- What is required: In the records below, find the line with "D1- und D2-Prüfungen", then copy each line exactly until you have copied the line with "61. Ebiten €3,50 gamberone fritto". Leave any picture out.

Data extracted from a collection
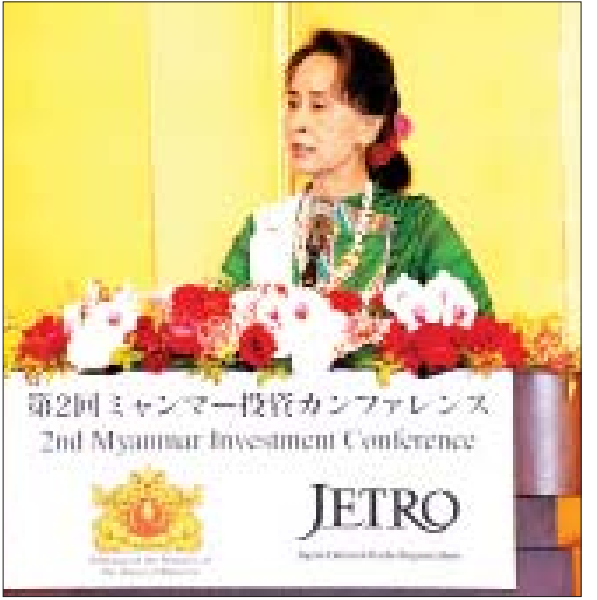
နိုင်ငံတော်၏အတိုင်ပင်ခံပုဂ္ဂိုလ် ဒေါ်အောင်ဆန်းစုကြည် ဒုတိယအကြိမ်မြောက် မြန်မာနိုင်ငံရင်းနှီးမြှုပ်နှံမှုဆိုင်ရာ ဆွေးနွေးပွဲတွင် အဖွင့်မိန့်ခွန်းပြောကြားစဉ်။

သည့် အားသာချက်များနှင့် မြန်မာ နိုင်ငံတွင် လာရောက်ရင်းနှီးမြှုပ်နှံ နိုင်မည့် အခွင့်အလမ်းများကို ရှင်းလင်း ပြောကြားသည်။
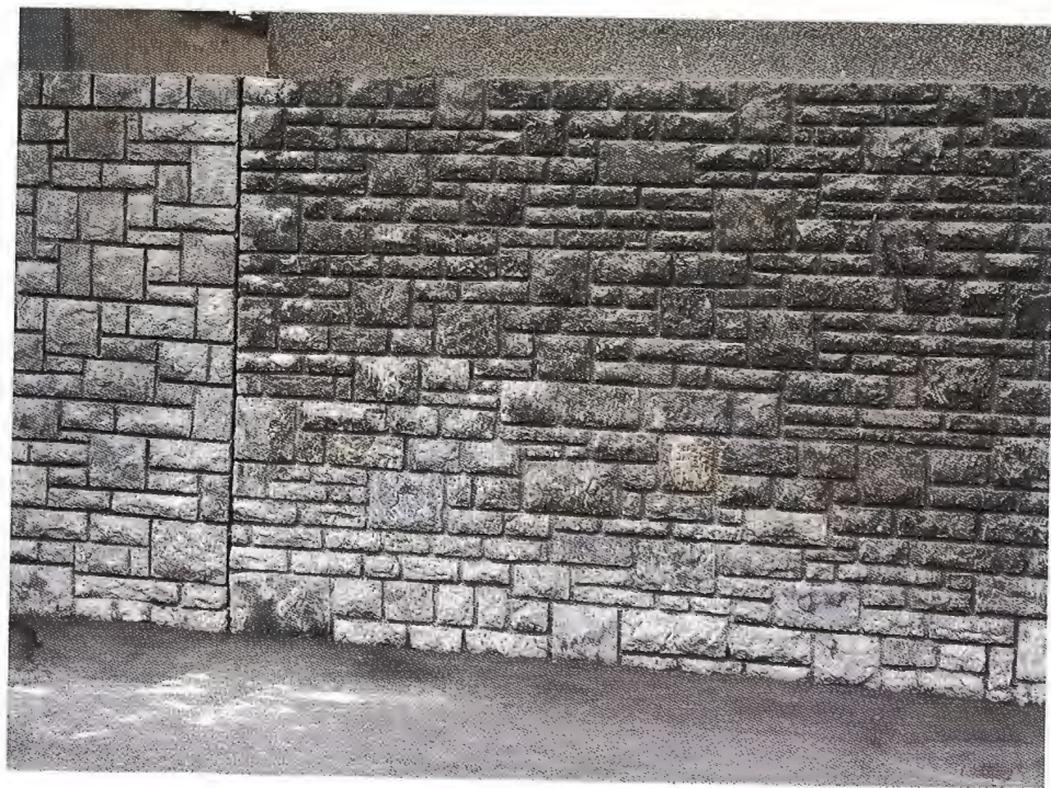
Sl. 5 - Pogled na dio ogradnog zida i fasade obložene Lipovečkim kamenom na obiteljskoj kući (Zagreb)
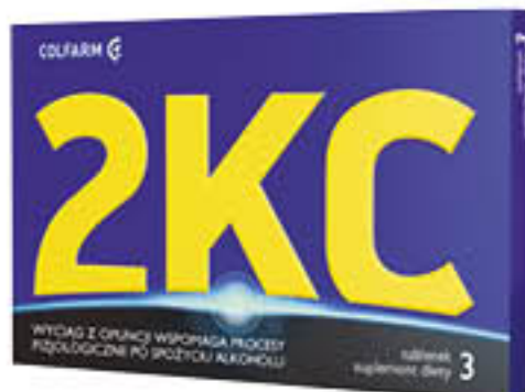
2KC 3 tabletki
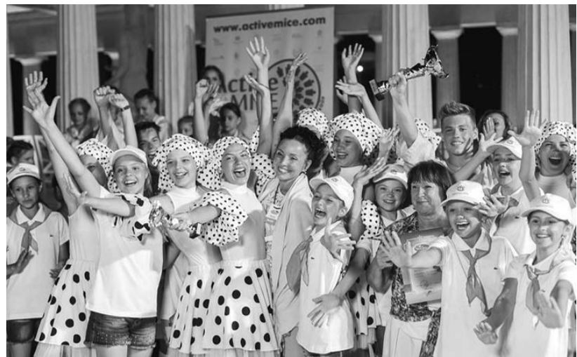
"Россияночка" - победители международного фестиваля
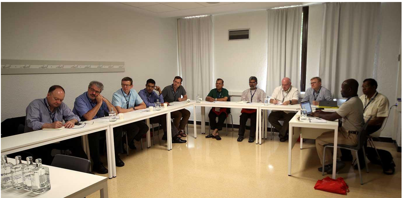
Imagen de una de las sesiones de trabajo en equipo

Los actos de este día han seguido con las sesiones de trabajo en torno a las seis líneas temáticas sobre las que gira la Asamblea: “Formación de liderazgo en la universidad”, “Liderazgo cívico y político”, “La justicia económica y medioambiental”, “Educar a los marginados y a los pobres”, “Diálogo interreligioso, colaboración y entendimiento” y “Paz y reconciliación”.
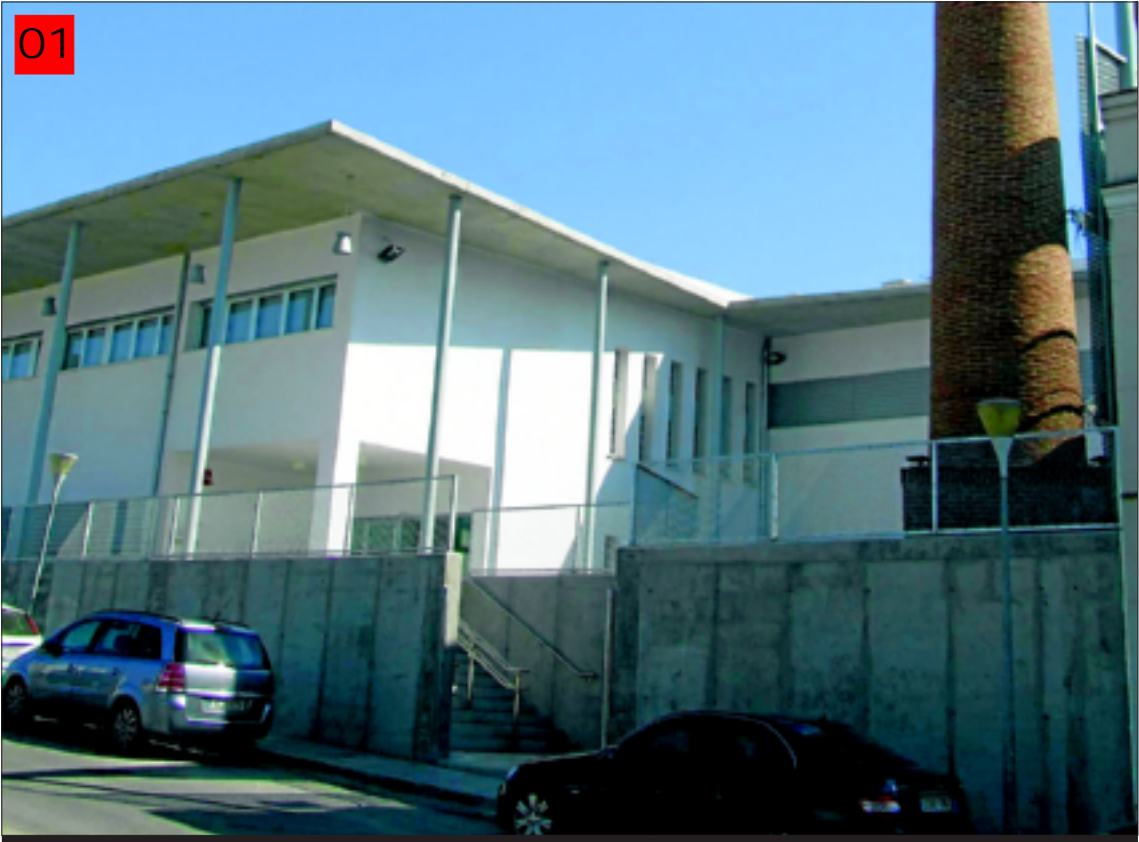
Exteriores del CIT de Villafranca.

El proyecto ‘Red de Observatorios Territoriales’ está desarrollando una estrategia de trabajo para la creación de una Red de centros integrales para el desarrollo local ubicados en diferentes territorios mancomunados de la provincia de Badajoz.
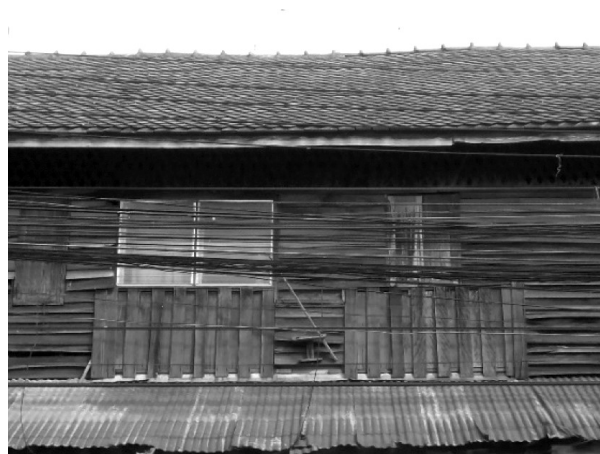
ภาพที่ 5 เรือนแถวสองชั้นและเรือนแถวสองชั้นมีหน้าต่า
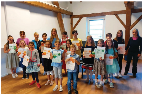
Juniorprüflinge im KOM

D1- und D2-Prüfungen absolvierten insgesamt 37 Teilnehmer. Hier musste neben dem praktischen Instrumentenvorspiel auch eine Theorieklausur bestanden werden. Die dafür online angebotenen Vorbereitungskurse waren ebenfalls besonders nachgefragt.
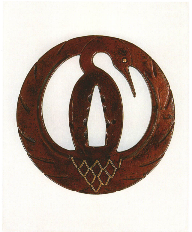
293 鶴丸紋透鐺 無銘 丸形・角耳小肉・素銅地・眼・腰羽根金平象嵌 厚さ4.1×縦79.0×横78.6mm
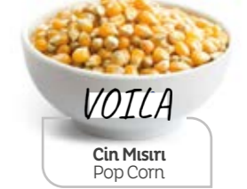
Cin Mısırlı Pop Corn
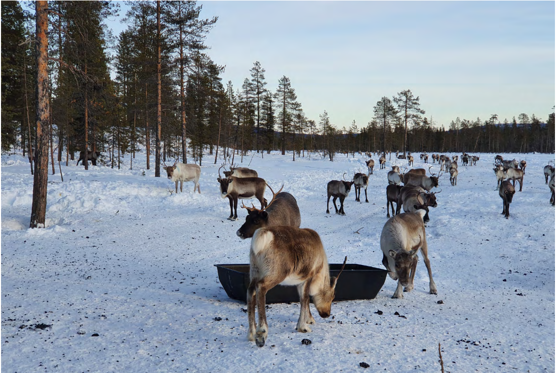
Figuvra 7. Dálvebiebman guohtuneatnamiidda meahcis.

goittotge kivrot ja sáhttet joatkit čiegardeami, vuoikko muohtadilli livččiige váttis.
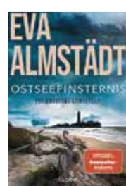
Eva Almstädt: „Ostseefinsternis“, Lübbe Verlag, Köln 2024, Taschenbuch, 397 Seiten, 12,99 Euro

Eva Almstädt's Roman „Ostseefinsternis“ ist spannend, aber zu langsam. Die Verwandtschaftsverhältnisse werden klarer durch den Stammbaum im Bucheinband. Die Personen und Geschehnisse werden stimmig und realistisch beschrieben. Der vorliegende Band ist der 19. Fall der Korittki-Reihe. Angela Selke
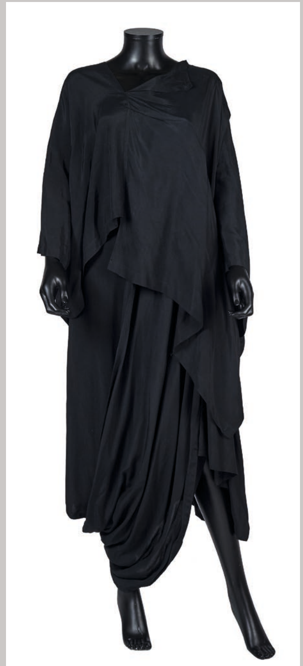
COMME DES GARÇONS (printemps-été 1983) ROBE-SAROUEL déstructurée asymétrique drapée Vendu 11 050 €

Contact: Pénélope Blanckaert +33 (0)1 42 99 20 15 pblanckaert@artcurial.com
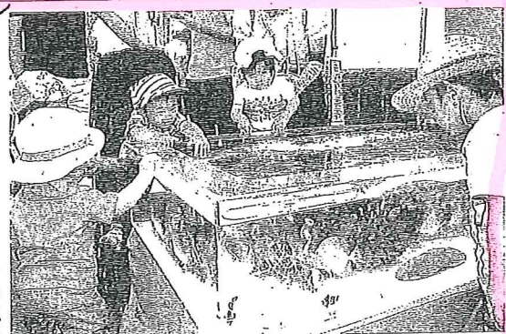
移動水族館で、かわいらしい熱帯魚などを見て喜ぶ子どもたち
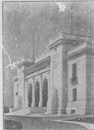
Edificio de la Unión Pan-Americana en Washington, D. C., á cuya construcción contribuyó Carnegie.
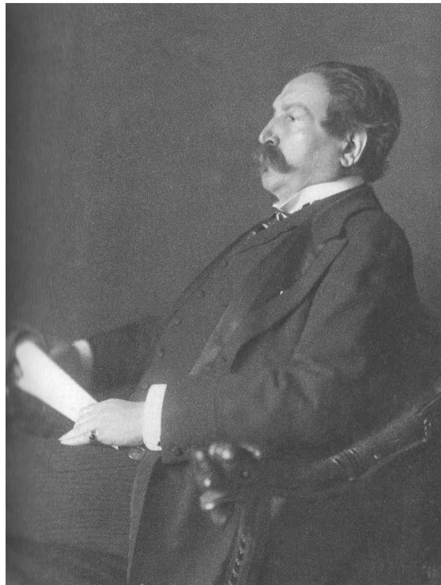
Obr. 4 Angelo Neumann
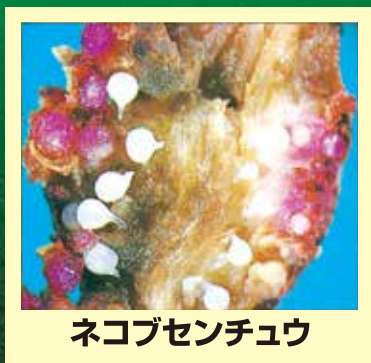
ネコブセンチュウ
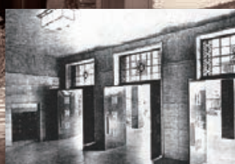
昭和13年当時の玄関の内部写真
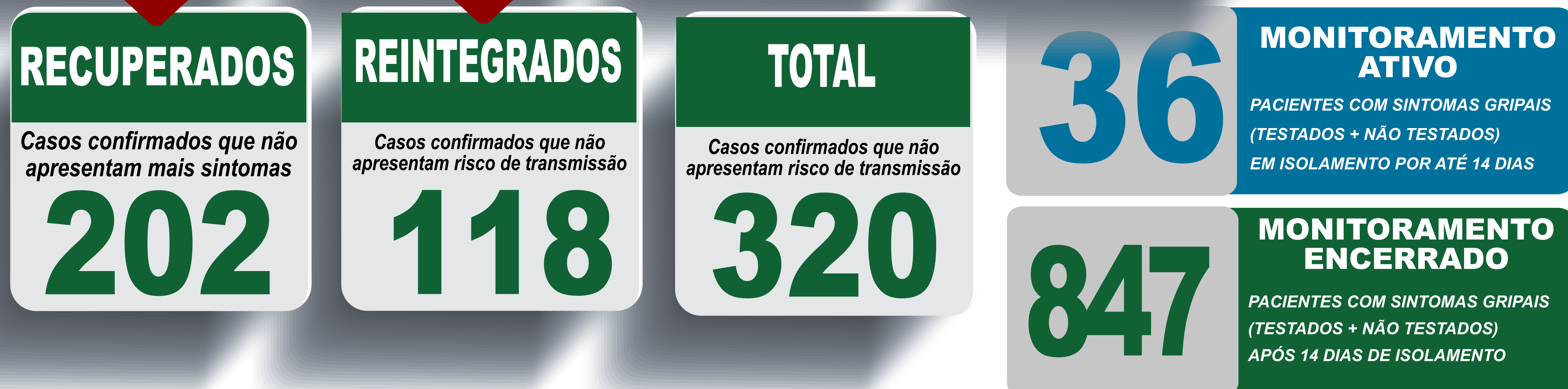
PLANILHA DE CASOS DE COVID-19 POR LOCAL DE RESIDENCIA, JABOTICATUBAS/MG
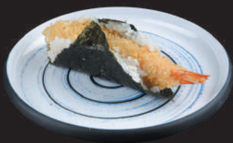
61. Ebiten €3,50 gamberone fritto
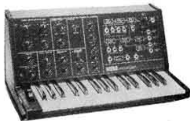
MS-10 Monophonic synthesizer. 1 oscillateur
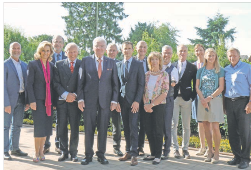
Dabei waren namenhafte Persönlichkeiten aus Wissenschaft, Wohlfahrt, der Gold-Kraemer-Stiftung, Politik und Verwaltung.

be am Arbeitsleben, Verbesserung der Mobilität oder Bewegung und Sport von Rollstuhlnutzern. Ein zentrales Anliegen sei es nun, so das Institut, in Zukunft den Sport über die einzelnen Fachinstitutionen hinaus neu zu organisieren. Vereine, Schulen, Einrichtungen der Eingliederungs- und Altenhilfe, der Arbeitsplatz sowie nachbarschaft-
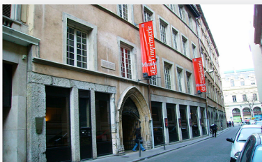
Musée de l'imprimerie & de la communication graphique 13 Rue de la Poulallerie 69002 LYON 04 78 37 65 98
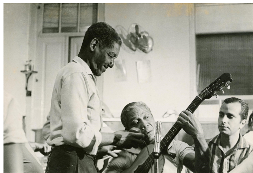
06. Cartola e Nelson Cavaquinho, década de 1960
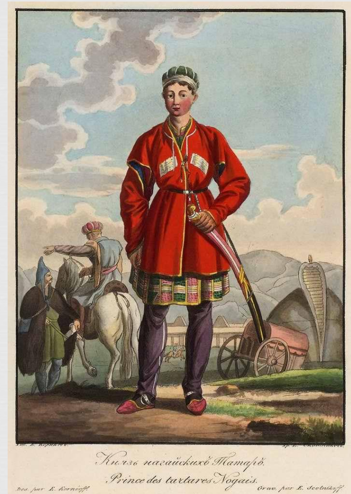
Князь татари́къ Мамафи́й. Prince des tartares Mamfiy.

- Result:
D1- und D2-Prüfungen absolvierten insgesamt 37 Teilnehmer. Hier musste neben dem praktischen Instrumentenvorspiel auch eine Theorieklausur bestanden werden. Die dafür online angebotenen Vorbereitungskurse waren ebenfalls besonders nachgefragt.
293 鶴丸紋透鐺 無銘 丸形・角耳小肉・素銅地・眼・腰羽根金平象嵌 厚さ4.1×縦79.0×横78.6mm
Cin Mısırlı Pop Corn
Figuvra 7. Dálvebiebman guohtuneatnamiidda meahcis.

goittotge kivrot ja sáhttet joatkit čiegardeami, vuoikko muohtadilli livččiige váttis.
Eva Almstädt: „Ostseefinsternis“, Lübbe Verlag, Köln 2024, Taschenbuch, 397 Seiten, 12,99 Euro

Eva Almstädt's Roman „Ostseefinsternis“ ist spannend, aber zu langsam. Die Verwandtschaftsverhältnisse werden klarer durch den Stammbaum im Bucheinband. Die Personen und Geschehnisse werden stimmig und realistisch beschrieben. Der vorliegende Band ist der 19. Fall der Korittki-Reihe. Angela Selke
COMME DES GARÇONS (printemps-été 1983) ROBE-SAROUEL déstructurée asymétrique drapée Vendu 11 050 €

Contact: Pénélope Blanckaert +33 (0)1 42 99 20 15 pblanckaert@artcurial.com
移動水族館で、かわいらしい熱帯魚などを見て喜ぶ子どもたち
Edificio de la Unión Pan-Americana en Washington, D. C., á cuya construcción contribuyó Carnegie.
Obr. 4 Angelo Neumann
ネコブセンチュウ
昭和13年当時の玄関の内部写真
PLANILHA DE CASOS DE COVID-19 POR LOCAL DE RESIDENCIA, JABOTICATUBAS/MG
61. Ebiten €3,50 gamberone fritto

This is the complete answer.